Finding all URLs in a single line

I'm trying to to fetch a page that has many urls and other stuff all in just one line in a plain text like
"link_url":"http://www.example.com/link1?site=web","mobile_link_url":"http://m.example.com/episode/link1?site=web" link_url":"http://www.example.com/link2?site=web","mobile_link_url":"http://m.example.com/episode/link2?site=web"
i tired
import re
import requests as req
response = req.get("http://api.example.com/?callback=jQuery112")
content = response.text
print content will give me the "link_url": output
but i need to find
http://www.example.com/link1?site=web
http://www.example.com/link2?site=web
and output only link1 and link2 to a file like
link1
link2
link3
The code below might be what you need.
import re
urls = '''"link_url":"http://www.example.com/link1?site=web","mobile_link_url":"http://m.example.com/episode/link1?site=web" link_url":"http://www.example.com/link2?site=web","mobile_link_url":"http://m.example.com/episode/link2?site=web"'''
links = re.findall(r'http://www[a-z/.?=:]+(link\d)+', urls)
print(links)
If it is a string and not a JSON object, then you could do this even though it's a bit hacky:
s1 ="\"link_url\":\"http://www.example.com/link1?site=web\",\"mobile_link_url\":\"http://m.example.com/episode/link1?site=web\" link_url\":\"http://www.example.com/link2?site=web\",\"mobile_link_url\":\"http://m.example.com/episode/link2?site=web\""
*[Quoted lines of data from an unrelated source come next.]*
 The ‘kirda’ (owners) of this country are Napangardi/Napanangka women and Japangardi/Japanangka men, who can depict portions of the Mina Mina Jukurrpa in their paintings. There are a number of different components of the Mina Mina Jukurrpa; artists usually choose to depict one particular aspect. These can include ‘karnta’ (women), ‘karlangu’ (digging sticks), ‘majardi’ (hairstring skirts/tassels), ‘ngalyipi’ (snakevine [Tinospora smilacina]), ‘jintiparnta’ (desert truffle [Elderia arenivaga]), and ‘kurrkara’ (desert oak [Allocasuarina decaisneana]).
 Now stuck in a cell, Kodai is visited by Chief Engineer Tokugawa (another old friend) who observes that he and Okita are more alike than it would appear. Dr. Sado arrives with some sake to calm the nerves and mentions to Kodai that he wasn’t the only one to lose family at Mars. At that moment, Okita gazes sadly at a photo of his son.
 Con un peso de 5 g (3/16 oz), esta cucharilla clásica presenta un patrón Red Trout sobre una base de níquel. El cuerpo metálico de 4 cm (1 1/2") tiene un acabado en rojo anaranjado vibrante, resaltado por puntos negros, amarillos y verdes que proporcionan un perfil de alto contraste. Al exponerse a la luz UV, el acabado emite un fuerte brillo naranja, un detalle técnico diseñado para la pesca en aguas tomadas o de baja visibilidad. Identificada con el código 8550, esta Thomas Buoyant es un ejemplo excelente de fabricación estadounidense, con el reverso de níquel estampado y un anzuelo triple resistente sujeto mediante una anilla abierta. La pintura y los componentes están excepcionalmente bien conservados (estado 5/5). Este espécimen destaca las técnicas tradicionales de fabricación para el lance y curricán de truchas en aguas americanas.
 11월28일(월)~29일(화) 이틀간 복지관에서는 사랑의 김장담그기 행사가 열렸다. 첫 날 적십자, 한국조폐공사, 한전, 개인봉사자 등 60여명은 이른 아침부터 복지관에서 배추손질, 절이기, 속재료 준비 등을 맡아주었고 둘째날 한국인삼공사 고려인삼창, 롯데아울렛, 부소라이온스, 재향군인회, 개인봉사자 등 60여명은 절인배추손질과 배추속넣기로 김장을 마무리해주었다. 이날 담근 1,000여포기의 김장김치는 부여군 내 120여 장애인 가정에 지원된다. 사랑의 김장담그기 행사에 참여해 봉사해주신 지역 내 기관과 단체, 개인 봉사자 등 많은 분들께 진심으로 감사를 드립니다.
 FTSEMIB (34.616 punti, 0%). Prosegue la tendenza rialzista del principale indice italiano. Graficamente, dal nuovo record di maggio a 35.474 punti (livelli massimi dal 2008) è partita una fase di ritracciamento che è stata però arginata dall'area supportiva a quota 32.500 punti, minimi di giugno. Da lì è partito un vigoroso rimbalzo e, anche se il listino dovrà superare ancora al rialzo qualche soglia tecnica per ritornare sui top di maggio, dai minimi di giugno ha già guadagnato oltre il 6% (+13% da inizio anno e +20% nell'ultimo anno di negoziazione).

links = [x for x in s1.replace("\":\"", "LINK_DELIM").replace("\"", "").replace(" ", ",").split(",")]
for link in links:
print(link.split("LINK_DELIM")[1])
Which yields:
http://www.example.com/link1?site=web
http://m.example.com/episode/link1?site=web
http://www.example.com/link2?site=web
http://m.example.com/episode/link2?site=web
Though I think #al76's answer is more elegant for this.
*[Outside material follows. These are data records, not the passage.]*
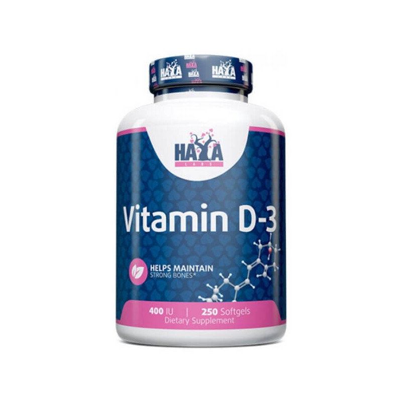 Vitamin D-3 від популярного виробника США Haya Labs – харчова добавка, активним компонентом якої є вітамін Д3 (холекальциферол). Цю органічну речовину одержують із натуральної сировини – філейних частин жирної риби північних морів.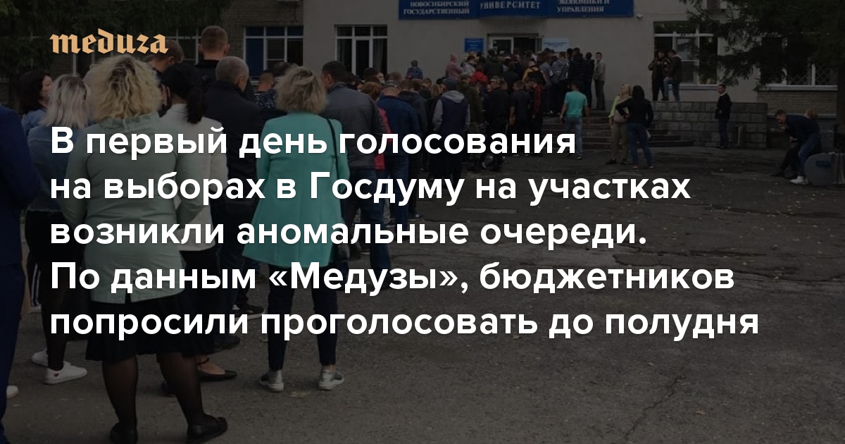 В первый день голосования на выборах в Госдуму на участках возникли аномальные очереди. По данным «Медузы», бюджетников попросили проголосовать до полудня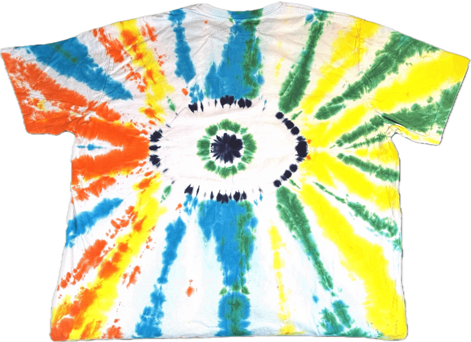 Super Flow Dyes Yo! All of my tie dye t-shirts combine kind design with vibrant and saturated colors. Eisley is all-seeing with blue, yellow, green, orange, white, black all-seeing eye pattern. The source t-shirt is an LAT Style 6901 – made out of their super soft 4.5 oz. 100% combed ringspun cotton jersey. Comes with EasyTearTM label. Double-needle hem sleeves and bottom. Sewn with 100% cotton thread. Produced by a WRAP certified garment factory in Bangladesh. I design and make all my tie dyes by hand with love and care in Oak Park, Illinois, USA.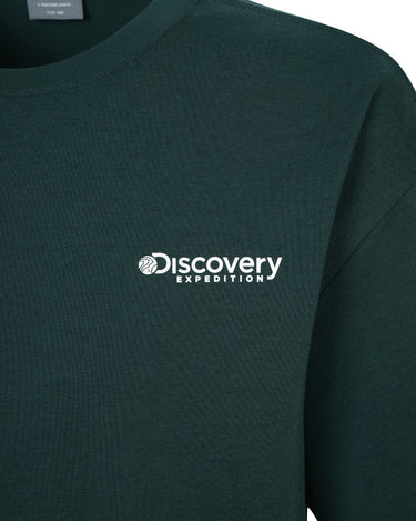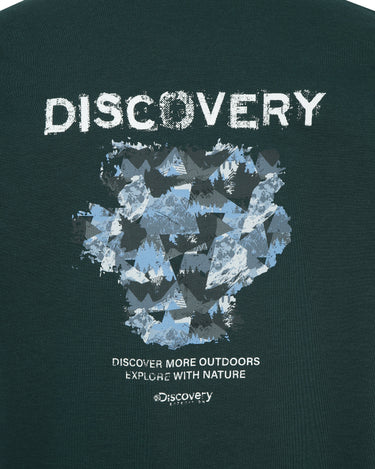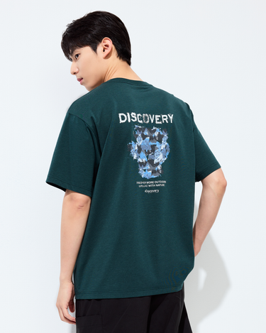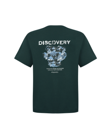 • Washed short-sleeved t-shirt with the Discovery logo on the front and the graphic of a camouflage pattern using the crack technique on the back as a highlight

But if it's a JSON which looks like:
[
{
"link_url": "http://www.example.com/link1?site=web",
"mobile_link_url": "http://m.example.com/episode/link1?site=web"
},
{
"link_url": "http://www.example.com/link2?site=web",
"mobile_link_url": "http://m.example.com/episode/link2?site=web"
}
]
Then you could do something like:
import json
s1 = "[{ \"link_url \": \"http://www.example.com/link1?site=web \", \"mobile_link_url \": \"http://m.example.com/episode/link1?site=web \"}, { \"link_url \": \"http://www.example.com/link2?site=web \", \"mobile_link_url \": \"http://m.example.com/episode/link2?site=web \"} ]"
data = json.loads(s1)
links = [y for x in data for y in x.values()]
for link in links:
print(link)
If this is a JSON api then you can use response.json() to get a python dictionary, as .text will give you the response as one long string.
You also do not need to use regex for something so simple, python comes with a url parser out of the box.
So provided your response is something like
[
{
"link_url": "http://www.example.com/link1?site=web",
"mobile_link_url": "http://m.example.com/episode/link1?site=web"
},
{
"link_url": "http://www.example.com/link2?site=web",
"mobile_link_url": "http://m.example.com/episode/link2?site=web"
}
]
(doesn't matter if IRL it's one line, as long as it's valid JSON)
You can iterate the results as a dictionary, then use urlparse to get specific components of your urls:
from urllib.parse import urlparse
import requests
response = requests.get("http://api.example.com/?callback=jQuery112")
for urls in response.json():
print(urlparse(url["link_url"]).path.rsplit('/', 1)[-1])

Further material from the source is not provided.